(About this task) Write every line of the material again exactly, with no pictures in the copy.

--- Data for the task ---

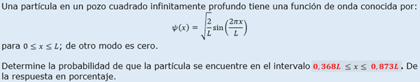 Una partícula en un pozo cuadrado infinitamente profundo tiene una función de onda conocida por
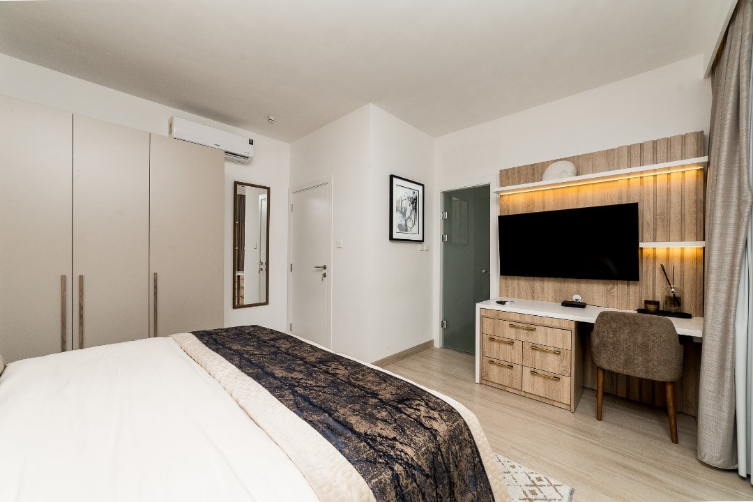 Bine ai venit în escapada ta perfectă! Acest apartament spațios cu 1 dormitor este situat ideal în inima orașului Accra, aproape de cele mai bune cafenele ale orașului, atracții culturale și viața vibrantă a orașului. Bucură-te de o bucătărie complet utilată, Wi-Fi și TV inteligent. Relaxează-te în dotările în stil stațiune, inclusiv o piscină uimitoare cu un bar de înot, o sală de gimnastică și o sală de mese pentru bibliotecă/ piscină. Perfect pentru cupluri sau persoane care călătoresc singure care caută confort și comoditate. Te așteptăm în gazdă!
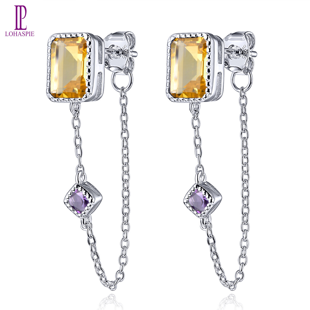 Natural Garnet Drop Earring Ladies Special Jewelry 3.57 Carats Precious Gemstone Amethyst Citrine Natural Quartz Unique Original Design Fine Jewelry Birthday Anniversary Gifts
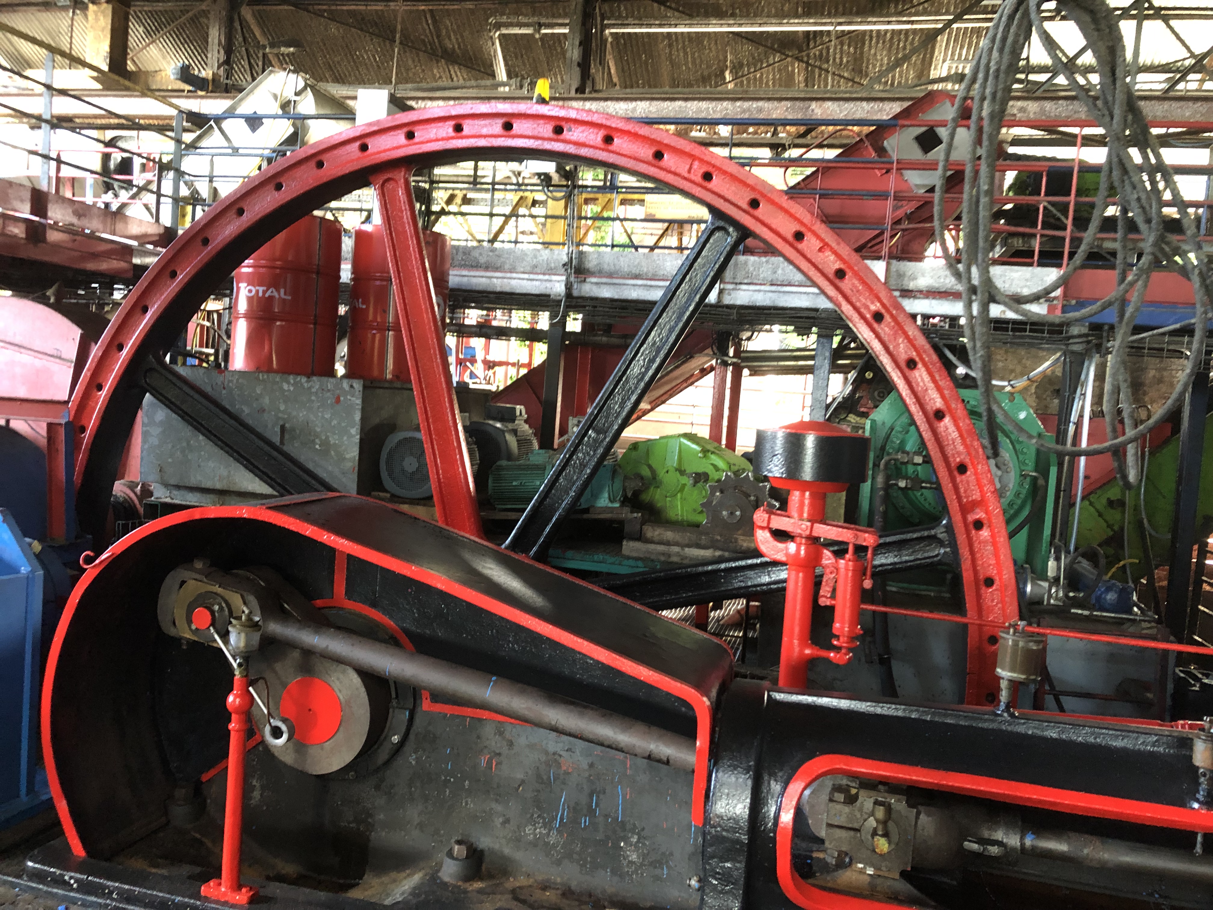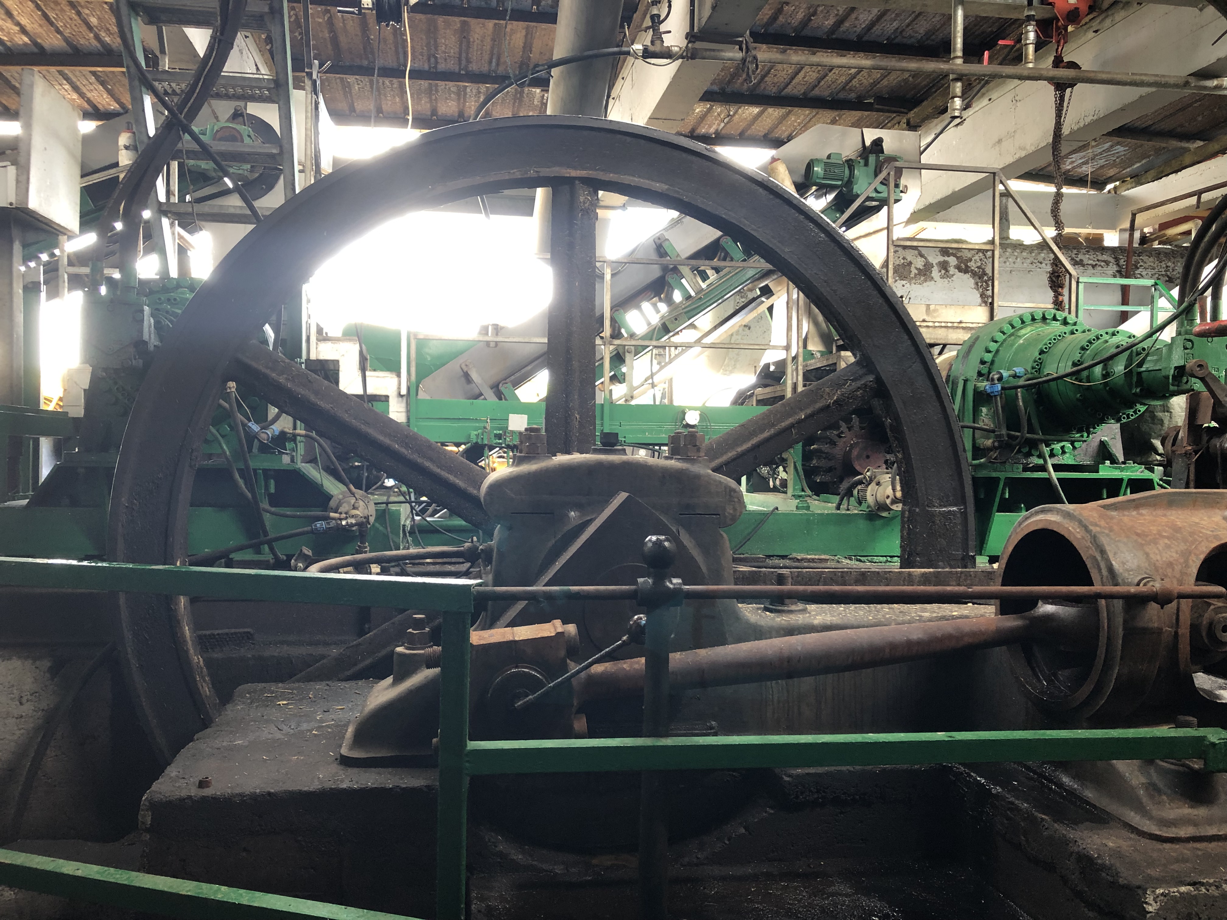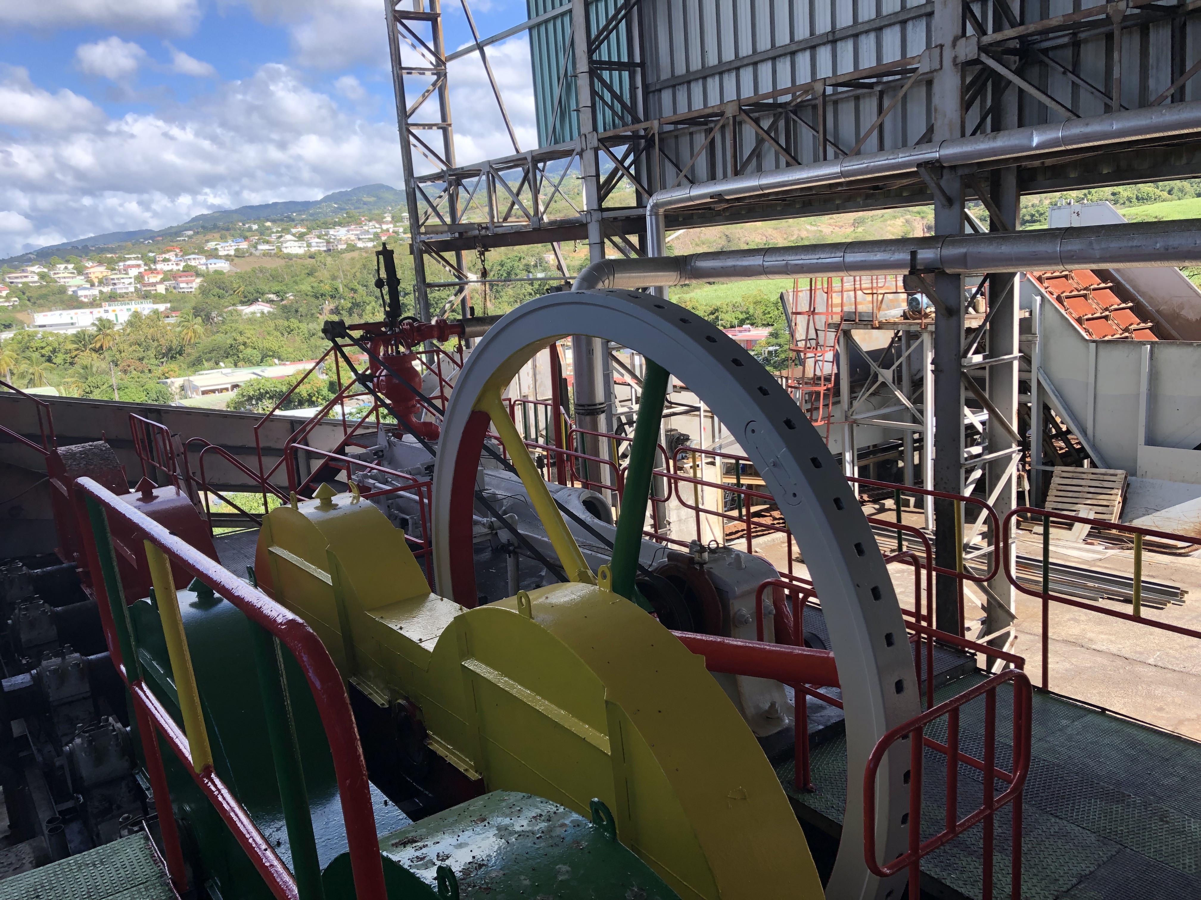La distilleria, come molti impianti ormai in Guadalupa, recupera completamente lo scarto ligneo e fibroso della canna da zucchero, la bagasse, per produrre energia e far funzionare la macchina a vapore. Mi accomiato dal gentilissimo Dimitri, e perlustro un po’ i dintorni: Damoiseau è un colosso, soprattutto rispetto alle altre distillerie visitate nei miei viaggi, e si percepisce come, oltre al contenuto, l’immagine sia fondamentale, e l’impatto sul visitatore sia determinante da ricercare.
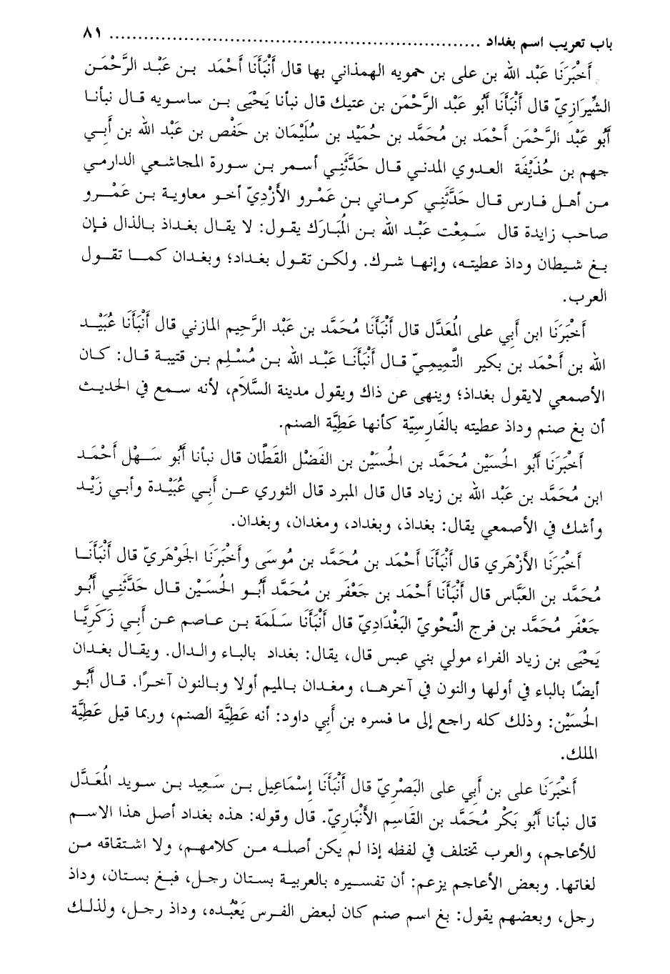 أَخْبَرَنَا عَبْد اللَّهِ بْن عَلِيّ بْن حمويه الهمذاني بها قال أنبأنا أحمد بن عبد الرّحمن الشّيرازيّ قال أنبأنا أبو عبد الرّحمن بن عتيك قال نبأنا يحيى بن ساسويه قال نبأنا أَبُو عَبْد الرَّحْمَنِ أَحْمَد بْن مُحَمَّد بْن حميد بْن سُلَيْمَان بْن حفص بْن عَبْدِ اللَّهِ بْن أَبِي جهم بْن حذيفة العدوي المدني قَالَ حَدَّثَنِي أسمر بْن سورة المجاشعي الدارمي من أهل فارس قَالَ حَدَّثَنِي كرماني بْن عمرو الأزدي أخو معاوية بْن عمرو صاحب زايدة قَالَ سمعت عَبْد اللَّهِ بْن المبارك يقول: لا يقال بغداذ بالذال فإن بغ شيطان وداذ عطيته، وإنها شرك. ولكن تقول بغداد؛ وبغدان كما تقول العرب.

---

(Task solution)
 Una partícula en un pozo cuadrado infinitamente profundo tiene una función de onda conocida por
 Bine ai venit în escapada ta perfectă! Acest apartament spațios cu 1 dormitor este situat ideal în inima orașului Accra, aproape de cele mai bune cafenele ale orașului, atracții culturale și viața vibrantă a orașului. Bucură-te de o bucătărie complet utilată, Wi-Fi și TV inteligent. Relaxează-te în dotările în stil stațiune, inclusiv o piscină uimitoare cu un bar de înot, o sală de gimnastică și o sală de mese pentru bibliotecă/ piscină. Perfect pentru cupluri sau persoane care călătoresc singure care caută confort și comoditate. Te așteptăm în gazdă!
 Natural Garnet Drop Earring Ladies Special Jewelry 3.57 Carats Precious Gemstone Amethyst Citrine Natural Quartz Unique Original Design Fine Jewelry Birthday Anniversary Gifts
La distilleria, come molti impianti ormai in Guadalupa, recupera completamente lo scarto ligneo e fibroso della canna da zucchero, la bagasse, per produrre energia e far funzionare la macchina a vapore. Mi accomiato dal gentilissimo Dimitri, e perlustro un po’ i dintorni: Damoiseau è un colosso, soprattutto rispetto alle altre distillerie visitate nei miei viaggi, e si percepisce come, oltre al contenuto, l’immagine sia fondamentale, e l’impatto sul visitatore sia determinante da ricercare.
 أَخْبَرَنَا عَبْد اللَّهِ بْن عَلِيّ بْن حمويه الهمذاني بها قال أنبأنا أحمد بن عبد الرّحمن الشّيرازيّ قال أنبأنا أبو عبد الرّحمن بن عتيك قال نبأنا يحيى بن ساسويه قال نبأنا أَبُو عَبْد الرَّحْمَنِ أَحْمَد بْن مُحَمَّد بْن حميد بْن سُلَيْمَان بْن حفص بْن عَبْدِ اللَّهِ بْن أَبِي جهم بْن حذيفة العدوي المدني قَالَ حَدَّثَنِي أسمر بْن سورة المجاشعي الدارمي من أهل فارس قَالَ حَدَّثَنِي كرماني بْن عمرو الأزدي أخو معاوية بْن عمرو صاحب زايدة قَالَ سمعت عَبْد اللَّهِ بْن المبارك يقول: لا يقال بغداذ بالذال فإن بغ شيطان وداذ عطيته، وإنها شرك. ولكن تقول بغداد؛ وبغدان كما تقول العرب.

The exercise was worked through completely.